The Minnow That Swallowed The Whale – Firesteel Resources Inc (CVE:FTR, FRA:2FN)
In any industry, deal flow is key. Being the first to unearth new and exciting opportunities is the difference between making it big and making it nowhere at all.
Firesteel’s management has demonstrated such an ability, sprinkled with a little luck.
Through the course of their dealings, Michael Hepworth and Basil Botha came across a group who were looking to sell a past-producing gold asset in Finland. The fully-permitted Laiva Gold mine was in receivership, boasting C$325 million of prior exploration and development spend. The sellers were motivated to divest, but only to proficient specialists in the gold sector.

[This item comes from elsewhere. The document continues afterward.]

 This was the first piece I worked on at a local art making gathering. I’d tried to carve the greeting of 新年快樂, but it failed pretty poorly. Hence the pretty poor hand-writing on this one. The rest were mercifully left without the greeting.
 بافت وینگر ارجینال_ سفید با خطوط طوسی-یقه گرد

As Michael and Basil executed their due diligence, they realized Laiva was a top-tier asset, and was a victim to a “perfect storm” of incompetent operators and a tumultuous bear market.
The mill is only two years old. It is high quality and has a liquidation value of C$100 million. The previous operator’s poor mining practices resulted in a lack of metallurgy, poor grade control, and severe dilution. This all led to low mill capacity utilization and throughput. Operational costs spiked, and due to low gold prices and substantial debt, operations failed in a mere two years!

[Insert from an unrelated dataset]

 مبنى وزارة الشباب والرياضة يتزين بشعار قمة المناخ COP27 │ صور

Through the advice of their mining and geological consultants, and a turning gold market, Laiva is poised to be a very profitable gold mine, and one with substantial exploration upside.
In June 2017, Firesteel signed a joint-venture with Nordic Mines AB (NOMI) to operate the Laiva Gold Mine. The underlying premise of the agreement is for Firesteel to provide the financing and resources required to restart the mine. This includes an investment of C$20 million in stages to acquire 60% of the JV, with the eventual option to acquire the remaining 40% for the fair market value in cash or shares.
Firesteel wasted no time in securing the big money, just a couple of months later, it announced the signing of a definitive agreement with Pandion Mine Finance LP for a financing of US$20.6 million via a prepaid forward gold purchase agreement.
Considering it will cost C$20 million to restart production, the agreement with Pandion is essential in moving forward. We believe the deal is accretive. While Pandion will be the beneficiary of 67,155 ounces at a discounted price, we believe it is insignificant to Laiva’s true scale; it currently has 600,000 ounces in resources to draw upon.
Firesteel is undervalued in all metrics of our analysis, and we believe it will be the next mid-tier producer in Europe.
Laiva Mine – The Golden Ship Ready To Sail
than expected head grade to the process plant.
Furthermore, due to the inaccurate model, the feed was not proportional, consisting of both hard granite and mineralized metavolcanics, while the mill design requires a stable blend. This accompanied by poor maintenance caused the mill to underperform, achieving a utilization rate of only 81.2%. When it was all said and done, operational costs were pegged at $1,760 per ounce gold.
Firesteel contracted John T. Boyd Company, Mining and Geological Consultants, to assess Laiva and provide recommendations. We know the John T. Boyd Company very well and their stamp of approval is a huge endorsement.
Moving forward, Firesteel will implement several significant changes. This will begin with the appointment of a General Manager, who will carry out improved mining practices recommended by JT Boyd and FTR’s management team. The entire geological and resource model will be reworked, and this with better blasting controls will result in better pit grade control. There will be further mill improvements, and to ensure the feed is more uniform, a pre-crusher will be added. Firesteel highlights that every step in the recovery process can be optimized:
The Mussuneva-Kaukainen prospects are located 3 kilometers south of the Laiva Mine. It also shows gold in bedrock anomalies with arsenic-copper over an east-northeast strike of 1.3 kilometers and a width of 300 meters km.
Oltava is further to the south and shows significant high-grade intercepts in historic drilling. It shows a 1.0 kilometer by 800-meter bedrock anomaly, but requires a lot more reconnaissance before actual drilling can occur. To date, there has been no geophysical work done at the Laiva project.
According to our research, the Laiva mine commenced production in January 2012 and ceased operations in December 2013, but processed a low-grade stockpile until March 2014. During this time, the plant was utilized at a rate of 80% and produced 79,000 ounces of gold by processing 2.8 million tonnes of ore, at an average head grade of 0.9 g/t.
We used this data as a base, however, increased the utilization rate and the average head grade, as we believe JT Boyd and Firesteel will prevail in their optimization efforts. While the gold loan will take away some upside, there is still plenty of value left for shareholders. We calculate Firesteel’s intrinsic value to be C$35.7 million, assuming 60% ownership of Laiva and that the gold loan closes.
Laiva in itself is the real deal, and considering FTR’s market cap is only C$11.4 million, the upside far outweighs the risks. This is an incredible deal with exciting catalysts on the horizon, and we have been accumulating and will continue to add to our position.